Google Inc. has acquired a company called DocVerse to help the Internet search leader round out its online software programs and provide more ammunition in its duel with Microsoft Corp.
Financial terms of the deal announced Friday weren't disclosed.
DocVerse provides tools that make its possible for people to use the Internet to work together on documents formatted in one of Microsoft's word processing, spreadsheet or presentation programs. The startup was founded in 2007 by former Microsoft employees Shan Sinha and Alex DeNeui.
Google offers programs that are similar to the Microsoft software but are hosted on Web sites. The approach, sometimes dubbed "cloud computing," is part of Google's attempt to weaken Microsoft, which makes much of its money by selling software that's installed on individual computer drives.
By adding DocVerse's tools, Google appears to preparing to pitch people who feel more comfortable working with Microsoft Office applications. DocVerse estimates more than 600 million people rely on Microsoft's Word, Excel and PowerPoint programs.

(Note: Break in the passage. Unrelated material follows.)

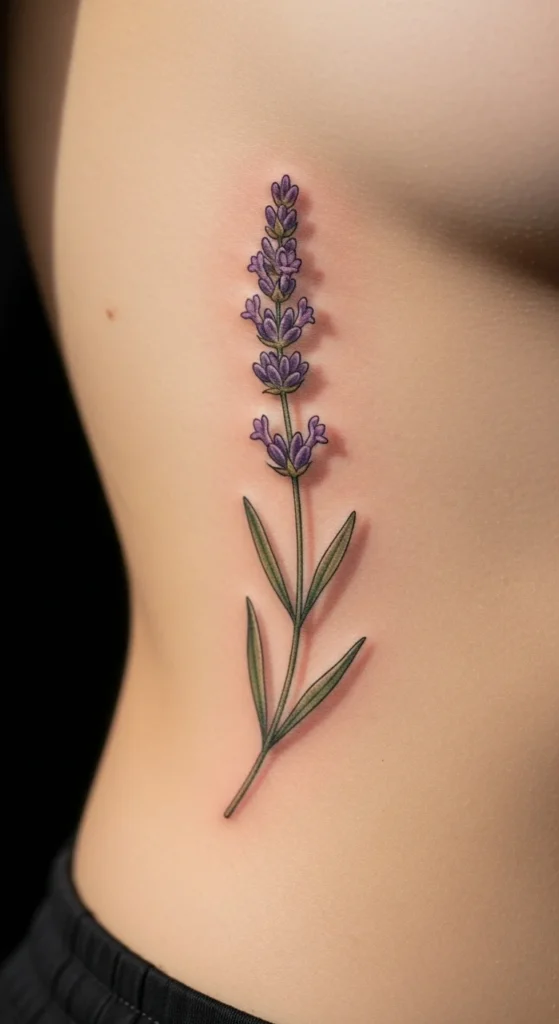 A lavender stem feels calming and elegant. The ribcage suits long, slender designs and allows the flower to stretch naturally. Before committing, draw a thin lavender sprig on a strip of paper and tape it along your side. Move and bend slightly to see how it shifts. Lavender looks lovely in both black ink and soft purple, though purple may fade faster. If you’re hoping to save money, go with outlines only. The rib area can feel tender during the session, so keep the design simple to limit time. Moisturize the skin well before your appointment for smoother lines. Wear loose, soft tops for a few days. A long single stem gives a peaceful look without taking over your torso.

In a blog posting, Google said DocVerse would stop accepting new users until it's ready to announce its next move. Current DocVerse users will still have their usual access, Google said.
DocVerse is at least the ninth acquisition of a small technology company Google has made in the past seven months. Google hopes to add to that list by buying AdMob, a mobile advertising service, for $750 million. It still needs regulators' approval before it can complete that deal.